▸ Records for processing

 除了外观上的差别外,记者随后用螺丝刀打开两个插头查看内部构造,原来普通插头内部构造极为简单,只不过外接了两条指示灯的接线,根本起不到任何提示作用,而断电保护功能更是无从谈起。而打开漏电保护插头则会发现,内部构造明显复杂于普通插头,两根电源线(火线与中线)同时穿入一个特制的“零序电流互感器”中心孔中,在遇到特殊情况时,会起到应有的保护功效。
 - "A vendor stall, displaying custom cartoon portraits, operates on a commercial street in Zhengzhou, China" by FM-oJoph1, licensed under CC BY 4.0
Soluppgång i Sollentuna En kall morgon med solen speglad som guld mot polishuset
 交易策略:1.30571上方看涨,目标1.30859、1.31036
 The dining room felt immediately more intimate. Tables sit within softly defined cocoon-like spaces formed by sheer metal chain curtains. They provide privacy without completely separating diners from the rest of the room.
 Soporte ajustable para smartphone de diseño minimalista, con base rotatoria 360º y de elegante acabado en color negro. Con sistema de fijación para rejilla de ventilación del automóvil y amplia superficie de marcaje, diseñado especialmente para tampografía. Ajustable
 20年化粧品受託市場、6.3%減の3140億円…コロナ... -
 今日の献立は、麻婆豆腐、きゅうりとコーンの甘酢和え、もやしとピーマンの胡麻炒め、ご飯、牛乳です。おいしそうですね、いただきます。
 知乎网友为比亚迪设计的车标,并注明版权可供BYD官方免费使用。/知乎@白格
--
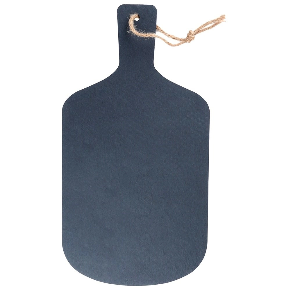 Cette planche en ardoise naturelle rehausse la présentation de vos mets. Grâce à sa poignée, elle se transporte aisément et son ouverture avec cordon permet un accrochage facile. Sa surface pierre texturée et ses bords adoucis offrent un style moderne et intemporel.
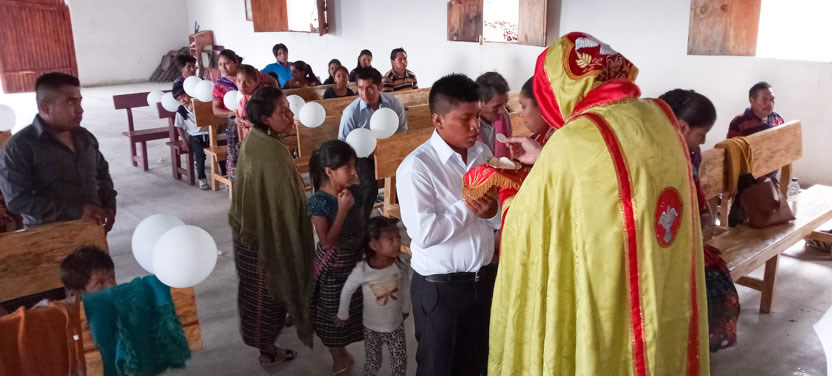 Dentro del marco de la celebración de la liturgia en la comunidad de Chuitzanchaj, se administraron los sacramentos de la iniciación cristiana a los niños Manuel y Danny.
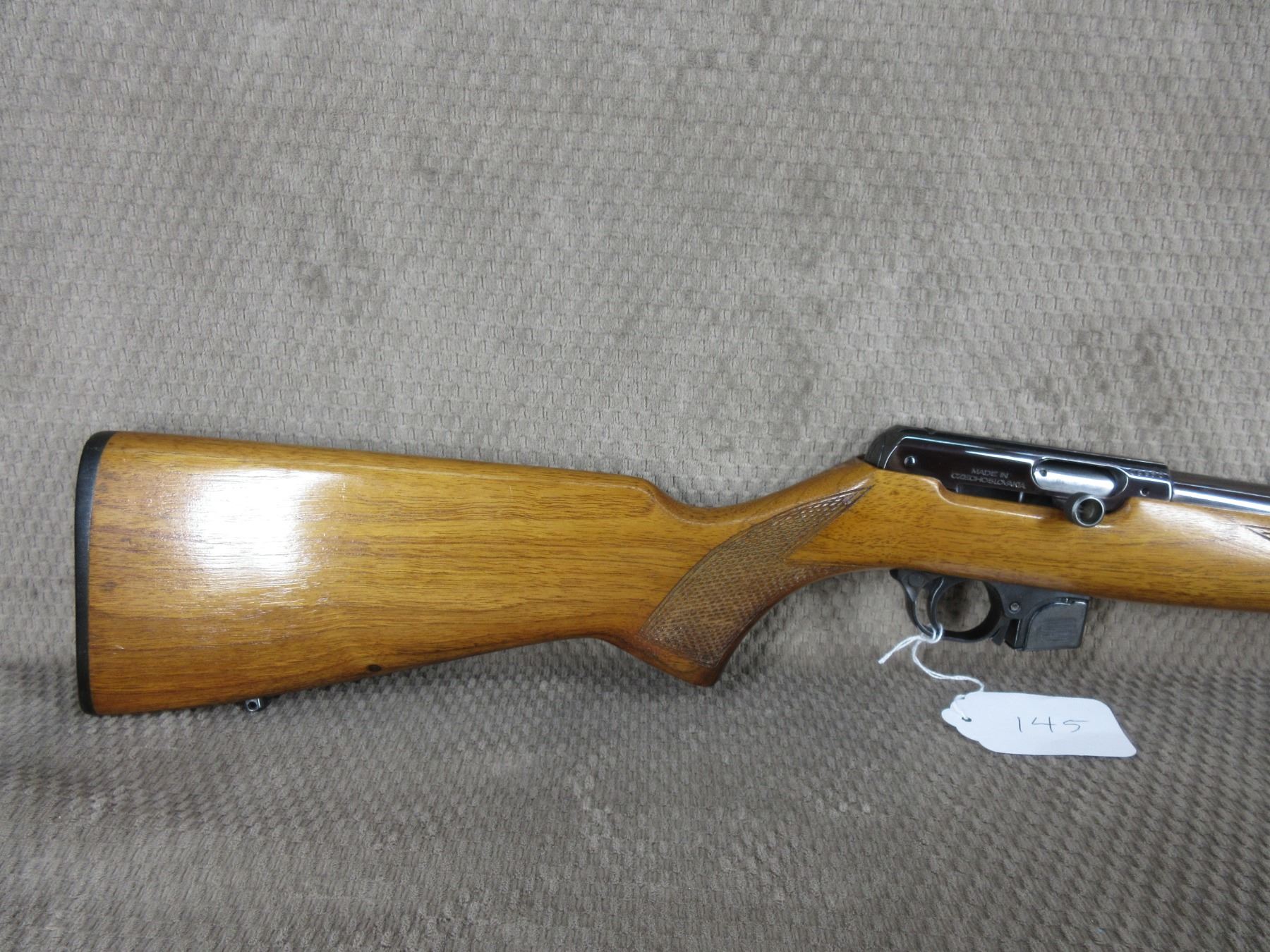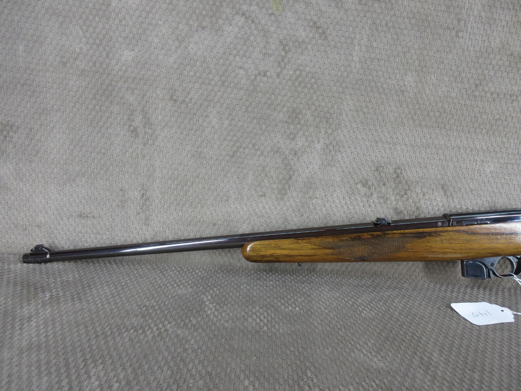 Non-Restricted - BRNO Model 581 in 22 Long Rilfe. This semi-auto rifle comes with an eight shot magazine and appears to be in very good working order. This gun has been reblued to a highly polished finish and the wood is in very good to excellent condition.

▸ Assignment
Return exactly the lines above from the line that has "今日の献立は、麻婆豆腐、きゅ" through the line that has "知乎网友为比亚迪设计的车标,并注明版权可供BYD官方免费使用。/知乎@白格", inclusive, and nothing else.

▸ Finished task
 今日の献立は、麻婆豆腐、きゅうりとコーンの甘酢和え、もやしとピーマンの胡麻炒め、ご飯、牛乳です。おいしそうですね、いただきます。
 知乎网友为比亚迪设计的车标,并注明版权可供BYD官方免费使用。/知乎@白格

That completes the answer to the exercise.